**Listed entries**
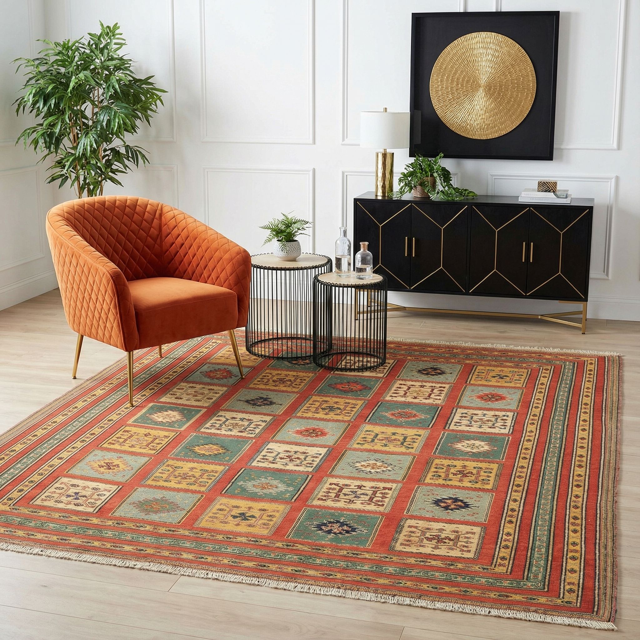 In einem modernen, reduzierten Ambiente fungiert dieser edle Kelim als bewusster und spannender Stilbruch, der dem Raum sofort Wärme und Charakter verleiht. Das klare, kassettenartige Rastermuster korrespondiert hervorragend mit der geradlinigen Formensprache des Contemporary-Styles, während die lebendige Oberflächenstruktur die Strenge glatter Flächen aufbricht. Die hochwertige Verarbeitung und die feine Wolle zeugen von einem Qualitätsbewusstsein, das perfekt zum Anspruch an exklusives, zeitgenössisches Design passt. So wird der Afschar-Tabii zum kunstvollen Ankerpunkt, der moderne Ästhetik mit traditioneller Handwerkskunst verbindet.
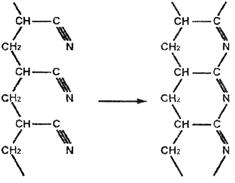 Термическое воздействие (выше 150°С) вызывает необратимые изменения в химическом строении макромолекулы полиакрилонитрила, являющиеся результатом последовательного взаимодействия групп – CN между собой с образованием циклических структур. Это свойство полиакрилонитрила используется при изготовлении углеродных волокон (волокон специального назначения).
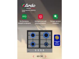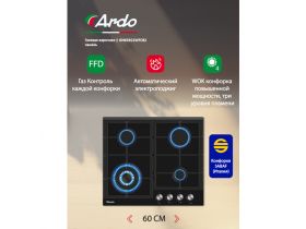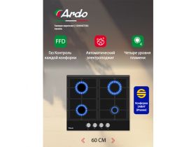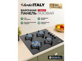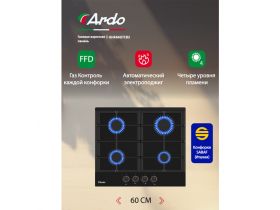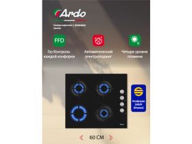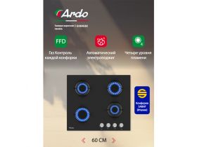 Газовая варочная панель Ardo 60 см, черное закаленное стекло, газ-контроль, экспресс-конфорка, электроподжиг 4316541870
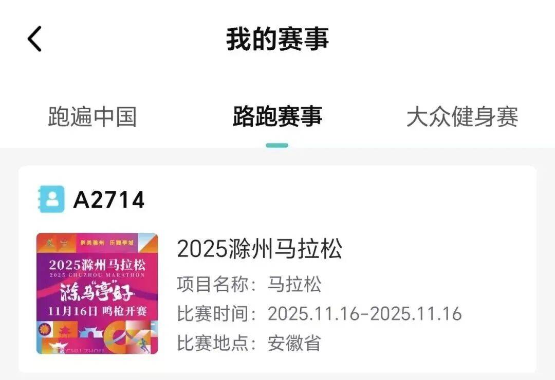 2.点击“路跑赛事”,在报名列表中找到“2025滁州马拉松”即可查看“参赛号”。
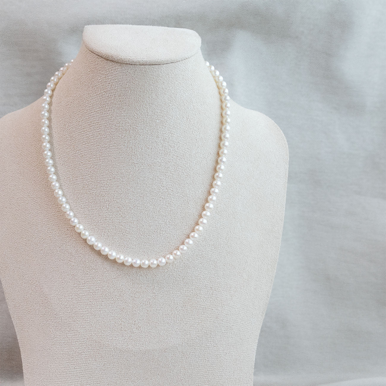 讓Lively為您呈現迷人的迷你強光淡水珍珠項鏈。此項鏈串連經過嚴格挑選,擁有強烈光澤的近正圓淡水珍珠,直徑介於為5-5.5mm,相較於傳統的大尺寸珍珠,擁有更細緻的外觀。可與任何首飾優雅疊戴,顯露出低調奢華感,為每位配戴者帶來每日的精緻與優雅。
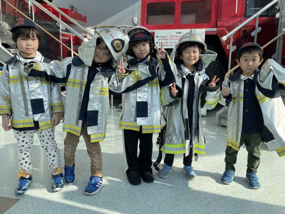 子ども達にとって消防士は憧れの職業の一つ! 「かっこいい!」「消防士になりたい!」と目を輝かせていました😍
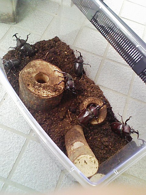 潜ってるのもかなり居るんで何匹いるのか不明な状態。餌代すげぇし、観賞ケースどんどんデカくしなくちゃいけないからもーいらねぇ~、カブト虫は
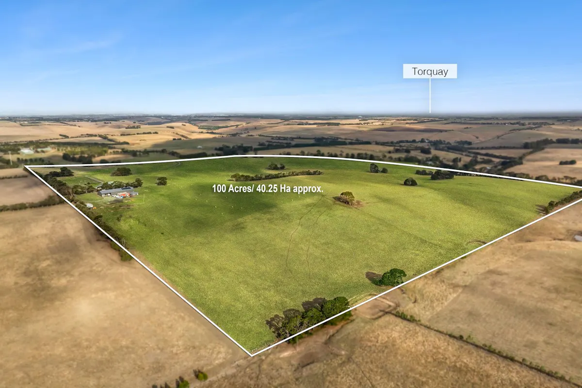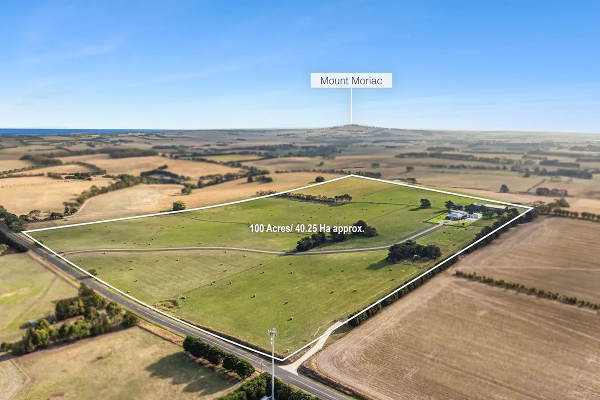 Situated on 40 ha – 100acres in the prestigious Barrabool Hills, this exceptional lifestyle residence offers a rare blend of scale, craftsmanship, and resort-style luxury. Privately set among rolling pastures and mature shelter belts, the home enjoys expansive views and a strong sense of seclusion, while being confidently positioned within its natural landscape. This is a fully realised rural property where refined design and luxurious liveability meet the quiet beauty of the countryside.The architecture is both striking and timeless, combining Old Geelong red brick, reclaimed timber posts from Melbourne wharfs, and expansive glazing. Distinct wings are connected by glazed breezeways, reinterpreting the traditional homestead in a contemporary form. High ceilings, bespoke joinery, timber floors, and plush wool carpets soften the accommodation areas, while polished concrete floors define the main living zones. Large windows throughout create a seamless connection between indoors and the surrounding Barrabool Hills landscape.
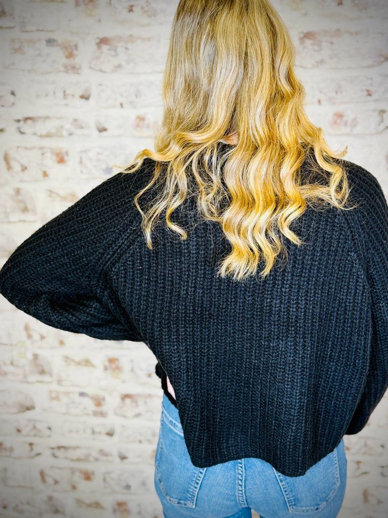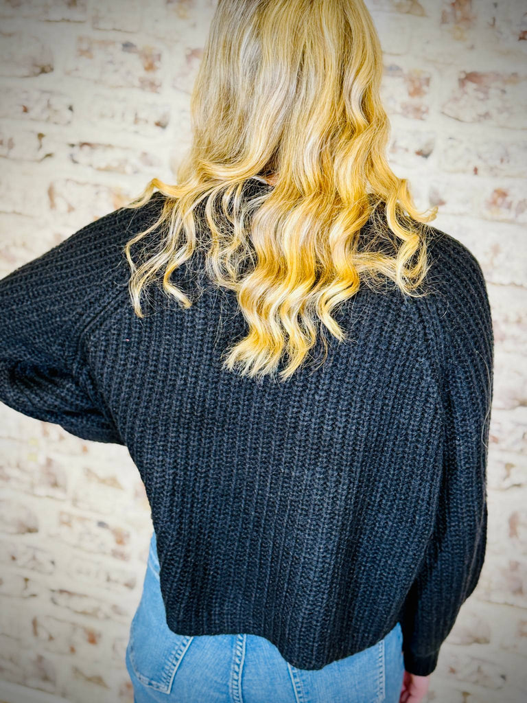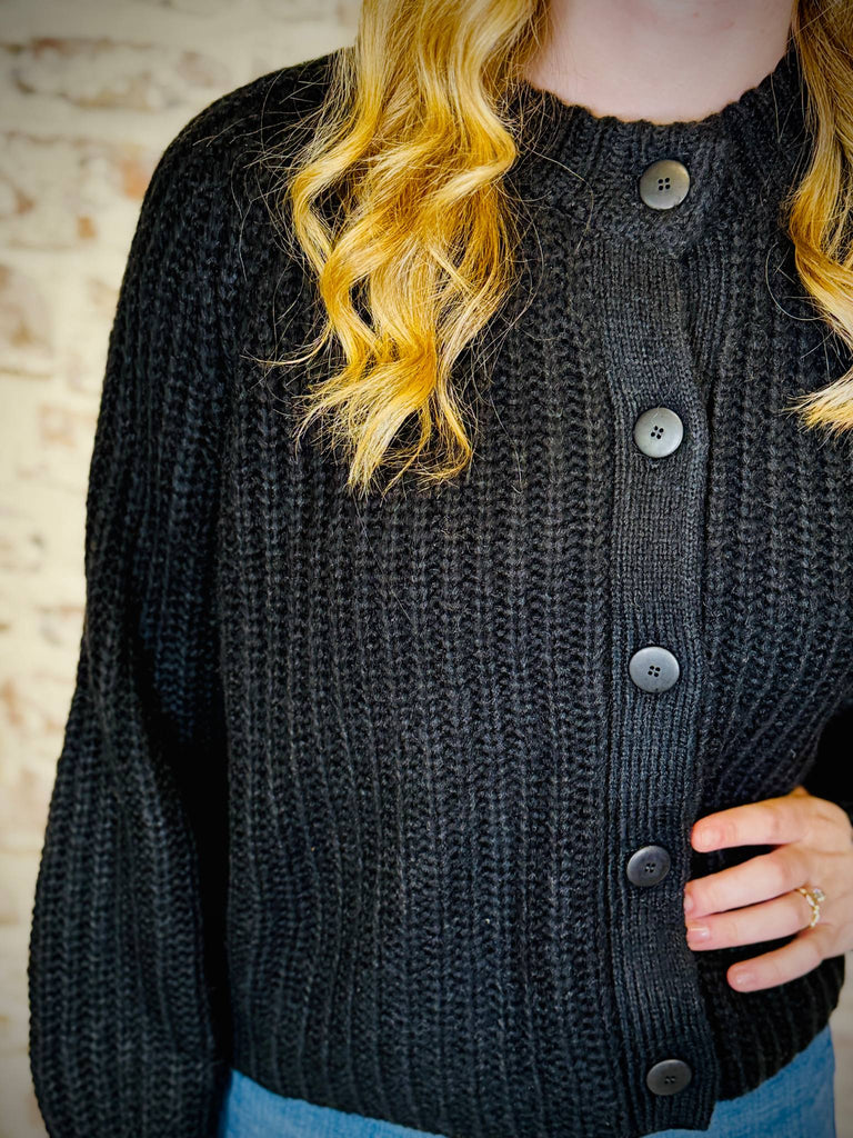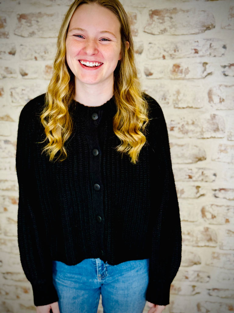 This black button up cardigan is sure to get a lot of use! With its high neck style and it sits right at the hip, it's on-trend and it's going to keep you warm and cozy!

**Directions**
In the listing above, find the line holding "Газовая варочная панель" and the line holding "讓Lively為您呈現迷人的". Reproduce those two lines and all between them exactly, leaving out pictures.

**Solution for this task**
 Газовая варочная панель Ardo 60 см, черное закаленное стекло, газ-контроль, экспресс-конфорка, электроподжиг 4316541870
 2.点击“路跑赛事”,在报名列表中找到“2025滁州马拉松”即可查看“参赛号”。
 讓Lively為您呈現迷人的迷你強光淡水珍珠項鏈。此項鏈串連經過嚴格挑選,擁有強烈光澤的近正圓淡水珍珠,直徑介於為5-5.5mm,相較於傳統的大尺寸珍珠,擁有更細緻的外觀。可與任何首飾優雅疊戴,顯露出低調奢華感,為每位配戴者帶來每日的精緻與優雅。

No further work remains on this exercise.